Barring a smoking gun, US likely faces a long process in trying to prove pattern of deceit.
Iraq's submission of a 12,000-page declaration of its weapons inventory presents the US with both opportunities and pitfalls as it tries to keep the pressure on Saddam Hussein to reveal everything he has and keep its own options for war open.
Tuesday US officials will start combing through the Iraqi report - a veritable Manhattan phone book in Arabic and English, clogged with information on every last chemical factory that churns out rubber sandals - to look for inconsistencies and omissions.

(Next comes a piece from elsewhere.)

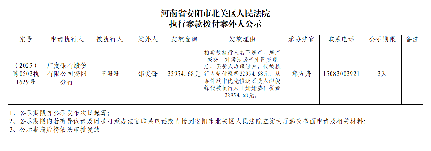 河南省安阳市北关区人民法院执行案款拨付案外人公示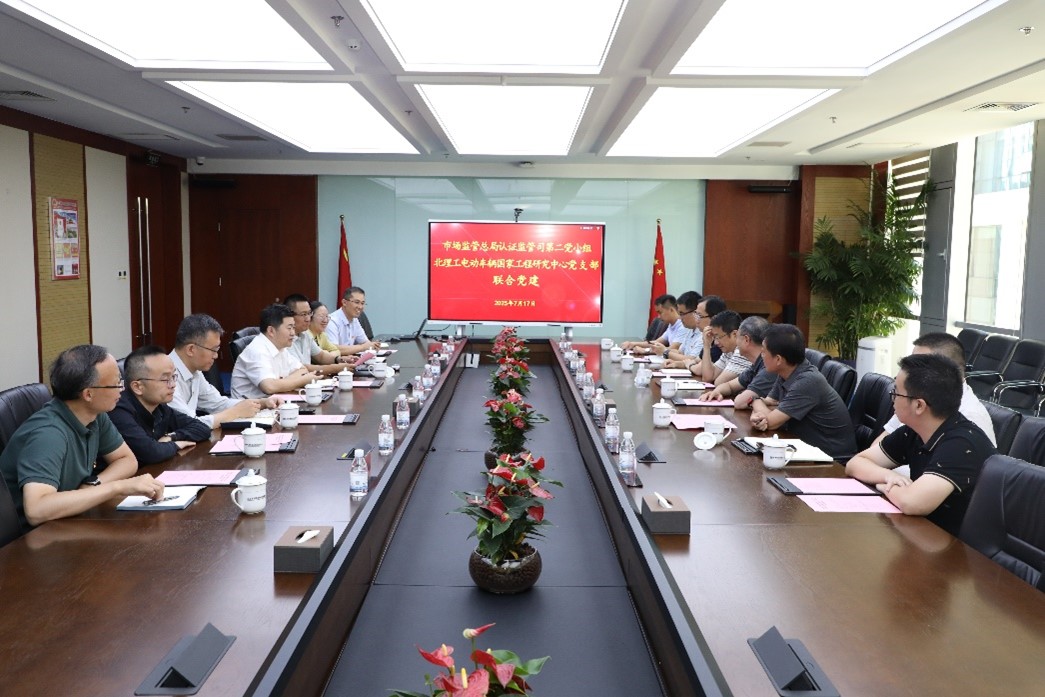 2025年7月17日,市场监管总局认证监管司第二党小组与1818luck新利网址电动车辆国家工程研究中心党支部联合开展党建活动,旨在以党建引领强化监管部门与科研单位合作,推动新能源汽车产业高质量发展。市场监管总局认证监管司一级巡视员李春江、1818luck新利网址机械与车辆学院党委书记刘检华及相关同志参与活动。

In theory, the Bush administration will compare what's in the declaration to its own purported "solid" intelligence of Iraq's possession of weapons of mass destruction. It could then point out these discrepancies to United Nations weapons inspectors, or even go for a dramatic return, evidence in hand, to the UN Security Council. To the extent the US finds clear and substantial contradictions, it would help buttress its case domestically and internationally for the necessity of "regime change" in Iraq.
In practice, however, the process will likely be more difficult than that. For one thing, no one knows just how much evidence the US has of Iraqi nuclear, chemical, and biological weapons, though that can be a tactical advantage for Washington. Will there be a "smoking gun" omission, for instance?
If there isn't - and many experts don't think there is - the US would have to prove a pattern of deceit. That risks getting bogged down in minutiae. By pointing out every last petri dish and aluminum tube that could be used for military purposes, the Bush administration could get involved in a PR war with Mr. Hussein over details that detract from the overall threat the US believes he represents.